Ron und Hermine stellten keine Fragen mehr über Harry und Millicent und Harry war darüber sehr dankbar. Harry hörte dem weiteren Gespräch über Hogwarts und Quidditch nur mit einem Ohr zu. Er schaute die ganze Zeit aus dem Fenster und beobachtete, wie dicke Regentropfen gegen das Fenster klatschten. Plötzlich schien es Harry vom Stuhl zu reißen. Harry 's Narbe brannte, wie sie im Ministerium gebrannt hatte, als Voldemort zu nah an ihm dran war. Er sah Millicent, wie sie rannte. Jemand jagte sie. Millicent bog in eine Ecke, drehte sich um und sah geschockt aus. Jemand lachte auf. Dann fiel Millicent zu Boden.

„NEIN!"schrie Harry auf.

„Harry! Harry, beruhige dich doch."Harry riss die Augen auf. Er lag auf dem kalten Küchenboden und Ron und Hermine knieten neben ihm.

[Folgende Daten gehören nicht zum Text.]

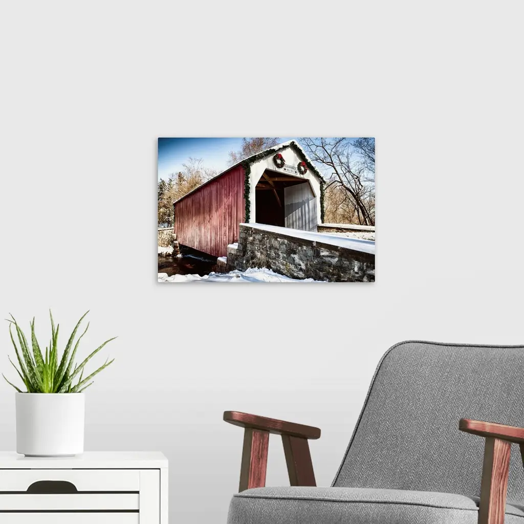 Fine art photo of a covered bridge under a light snowfall.
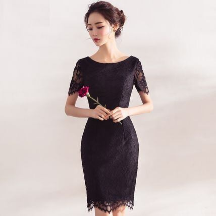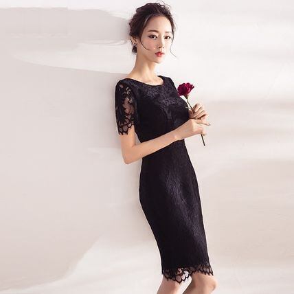 半袖黒タイトパーティードレス 結婚式 二次会 キャバ ブラック
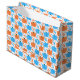 Blue Orange Fall Pumpkin Leaves Pattern Large Gift Bag
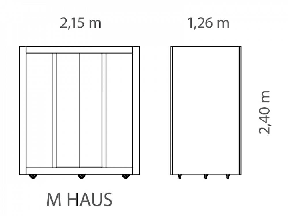 2,15 m breit, 1,26 m tief und 2,40 m hoch
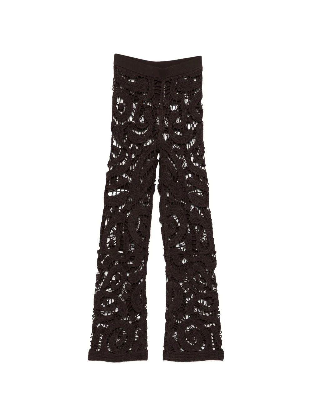 crochet trousers Highlights - Brown - Crochet knit - Elasticated waistband Imported Composition Viscose 63%, Nylon 37% Washing instructions Read Manufacturer Guidelines
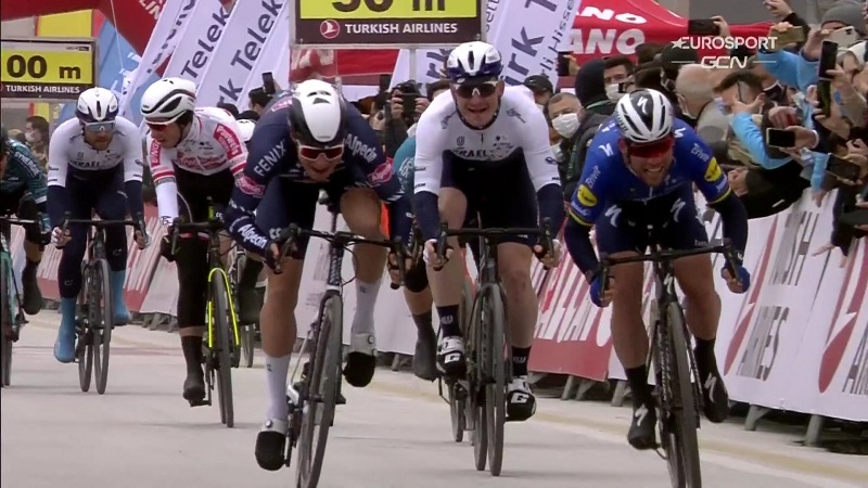 V posledních dvou kilometrech se nejlépe zorganizoval tým Israele, který se ocitl na čele v pěti lidech. Jenže 800 metrů před cílem před něj najeli tři borci Alpecinu a vypadalo to na jasnou záležitost, když vyslali do spurtu Jaspera Philipsena.

„Millicent!"Harry versuchte sich aufzustellen.

„Was ist mit ihr – Harry, wo willst du hin?"Doch Harry stürmte bereits schon die Küche heraus. Er lief so schnell er konnte die Treppen hinauf.

„Harry warte doch, nicht so schnell!"Aber Harry hörte ihnen gar nicht zu. Er stieß die Tür zu Ron, Hermine und Millicent 's Zimmer auf, doch dort war niemand. Er ging weiter zum Badezimmer, wieder hinunter ins Wohnzimmer, doch niemand war da.

„Harry, was ist denn los?"fragte Hermine abgehetzt, als Harry endlich stehen blieb.

„Millicent ist verschwunden!"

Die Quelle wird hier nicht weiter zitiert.